When I was asked if I would contribute to an issue on nursing leadership in home and community care, it took me only a minute to say yes. In 2014–2015, I chaired an expert group on home and community care in Ontario that produced a report titled "Bringing Care Home" (www.health.gov.on.ca/en/public/programs/ccac/docs/hcc_report.pdf). The report pointed to the urgent need for system-wide change in home and community care to ensure that we have a transparent, equitable, accessible and accountable system that serves clients and their caregivers. The Minister of Health responded indicating he would implement our recommendations, and as a first step, announced the Patients' First Roadmap to Strengthen Home and Community Care (www.health.gov.on.ca/en/public/programs/ccac/roadmap.pdf), which included a 10-point plan to improve the care provided to clients and families receiving home care. Since the release of that report, I have been acting as an External Advisor to the Ontario Minister of Health and Long-Term Care to help advance the home and community care agenda.

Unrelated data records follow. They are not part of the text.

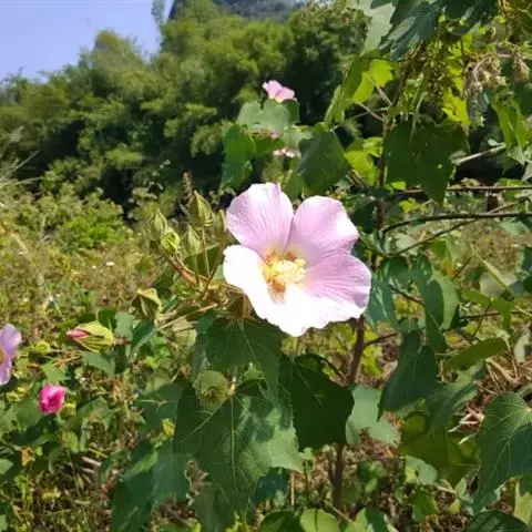 观赏:玫瑰茄花紫红色,色泽艳丽,花冠与花尊美丽别致,是美化环境极好的观赏植物。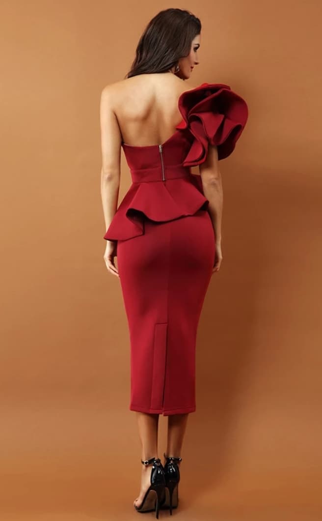 Robe rouge moulante , péplum mi long, bustier en forme de cœur , asymétrique, idal pour un cocktail ou soirée chic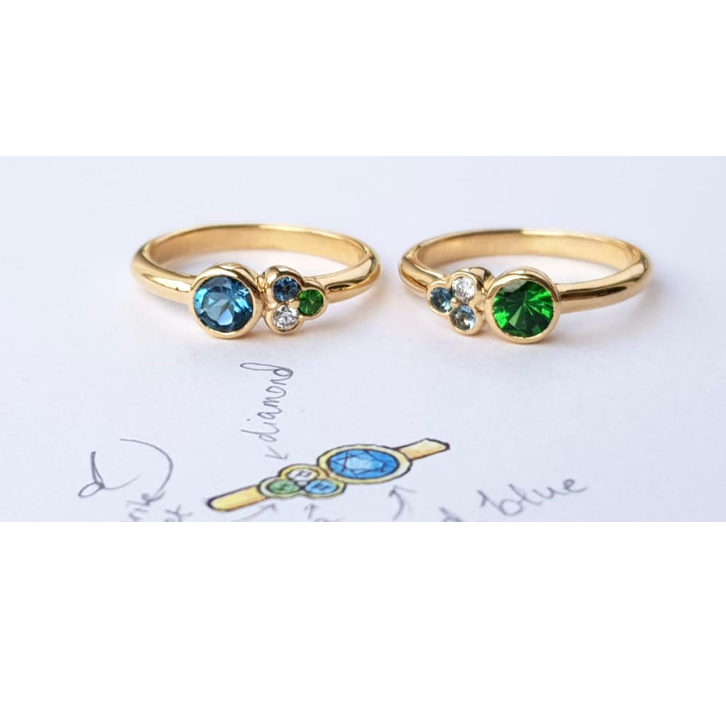 This pretty pairing was created as a treat for our client’s two daughters. Featuring each girl’s birthstone – a London blue topaz for November and a green tsavorite garnet for January – the rings also include gemstones to represent the rest of the family – aquamarine for Mummy and a diamond for Daddy.
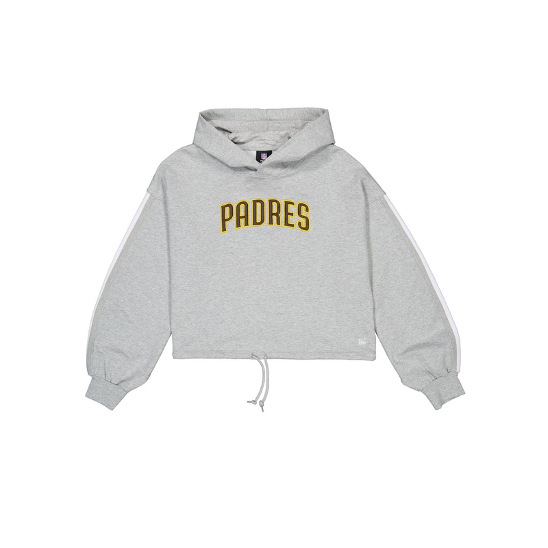 The San Diego Padres Gray Logo Select Women’s Hoodie features an embroidered Padres wordmark at the front panels with a drawstring closure at the hem.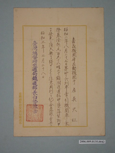 2006.009.0135.0042 昭和3年臺灣總督府交通局鐵道部嘉義機關庫在勤機關手吳火旺獎賞通知書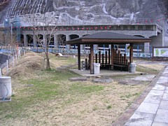 公園手前にある別棟のトイレは屋根付きの回廊で結ばれ、施設は古いが管理は良い。障害者用も含めウォシュレットなし。 | |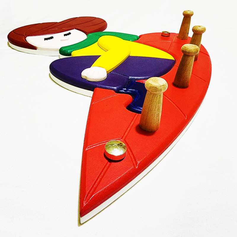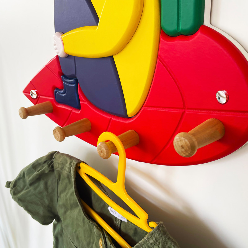 ایجاد فضایی شاد و جذاب مانند اتاق خوابی جذاب ، فضای آموزشیِ دلچسب و فضای درمانیِ شاداب برای کودکان موضوع هر روزه ماست . این محصول یک جالباسی فانتزیِ چوبی و ابتکاری جهت آویزان کردن البسه کودکان می باشد که با رنگ هایِ زیبا و جذاب و سازگار بامحیط زیست انسان رنگ آمیزی شده است.این جالباسی علاوه بر کاربردی بودن باعث آموزش نظم و انضباط شخصی برای کودکان شما می گردد.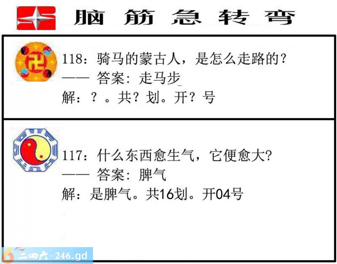 六合彩118期:脑筋急转弯

Throughout this work, I have been increasingly concerned about the need for true reform in the way we deliver home and community care to citizens. I believe nurses could play a leadership role in this reform and have been frustrated at not seeing nurse leaders step up to the plate as much as I wish. This issue is a way to challenge all of us to use our understanding of the system, of our healthcare organizations and of the needs of our fellow citizens.

Why Leadership in Home and Community Care

Home and community care is not just a critical issue in Ontario. In the recent health accords with the provinces, the federal government has also targeted transfer payments to two critical issues – home and community care and mental health and addictions. I haven't heard anyone argue about the need for transformation in home and community care. In Ontario, and the picture is similar in other provinces, the numbers, complexities and demands for home care have been increasing dramatically. Caregivers (family, friends and neighbours) are bearing the heaviest burden of care – by most estimates about 70% of the care provided – and their needs also require urgent attention. And then there is integration; for all of our talk over the years about silos in healthcare, we haven't made much progress in eliminating them or at a minimum making transitions between them easier for families.

So, back to the reason I said yes to introducing this issue in Canadian Journal of Nursing Leadership (CJNL). In Ontario and across the country, we have seen examples of innovative, efficient and effective models of home care delivery. And most provinces are committed to making service delivery better, more transparent and easier to access and understand for families. But, although we have some terrific leadership in home and community care across the country, I have not heard the loud and sustained voice of nurse leaders in the discussion about transformation. Of course, there have been strong voices from individuals and from associations, but generally speaking, there is not enough consistency and strength to the arguments and they are not loud enough or broad enough.

As You Read This …

You may like to challenge this assertion, and I hope you will challenge the contributors' and my views; however, from where I sit, there is a tremendous opportunity for a partnership between nurses, clients and caregivers as we try to move patient-centred care forward in this country. In thinking about the need for this issue, I have wondered why has CJNL had to invite nurses to contribute rather than respond to an onslaught of articles and commentaries from nurses who want to see the issue receive attention in the journal? Where are the op-ed pieces in the newspapers? Why has no nurse written an article, a letter, a commentary for Canadian news magazines (Walrus, Macleans)? Where are the nursing scholars' voices in public policy journals?

I know that many of us have carefully considered why home and community care has not received the attention it deserves in public policy and the articles that follow identify some of those. But now that the provinces and the federal government have identified it as a focus for attention and funding, I hope that this issue will be only the first platform among many for nurse leaders to stand up and identify not just the challenges and barriers but also the opportunities that exist to make home and community care better for citizens. This is not only about what nurses can do about advocating for our role in the system; this is about what is needed and how we as a community and as a society can get from where we are to where we have to be. This issue is a beginning, but I encourage all of you to consider how you can lead in ensuring home and community care is better for patients and their families in the future than it is today.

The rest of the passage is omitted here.